Researchers at the Pacific Northwest National Laboratory (PNNL) have made a chemical breakthrough that they believe will allow EV batteries to hold almost twice the energy of their traditionally-used lithium-ion counterparts.
The solution in question is a lithium-metal chemistry with an energy density of 350 watt-hours per kilogram (Wh/kg), which is on the higher end of the spectrum, but not entirely in a league of its own. The chemistry also has the added advantage of being much lighter than traditional lithium-ion chemistries.
These aspects of lithium-metal are not new, however. What is new is the resilience of the battery. Historically, lithium-metal batteries have been plagued by premature death, with previous record holders accomplishing just 200 cycles before seeing significant drops in capacity.
The chemistry developed by the PNNL team was able to maintain 76% of its initial capacity after 600 cycles, blowing the old record out of the water. There is still work to be done for sure, as currently-used EV batteries typically last for around 1,000 cycles.

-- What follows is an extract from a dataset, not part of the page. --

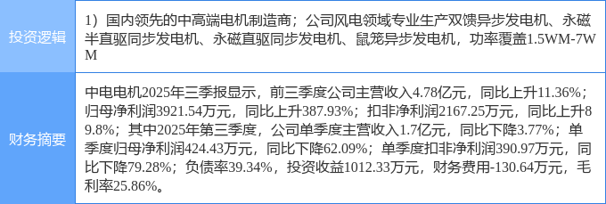 证券之星消息,中电电机1月28日涨停收盘,收盘价38.13元。该股于9点58分涨停,3次打开涨停,截止收盘封单资金为1190.8万元,占其流通市值0.13%。

The breakthrough was achieved when researchers decided to test thin strips of lithium-metal, thinner than a strand of hair. This decision broke with tradition, as it had been commonly thought that thicker lithium anodes would be optimal. The researchers instead found the opposite to be true, coming to the conclusion that thicker strips contribute directly to battery failure, due to complex reactions around a film on the anode known as the solid electrolyte interphase.
Under optimal conditions, solid electrolyte interphase acts as a molecular gatekeeper between the anode and the electrolyte. Thinner lithium strips, it was found, retain contact between the liquid electrolyte and the anode, making important electrochemical reactions possible.
The work was funded by DOE’s Office of Energy Efficiency and Renewable Energy’s Vehicle Technologies Office and work was done through DOE’s Innovation Center for Battery500 Consortium, a multi-institution effort led by PNNL to develop electric vehicle batteries that are lighter, more energy intensive and less expensive than those currently used. The name Battery500 comes from the consortium’s foundational goal of developing a 500 watt-hours per kilogram battery.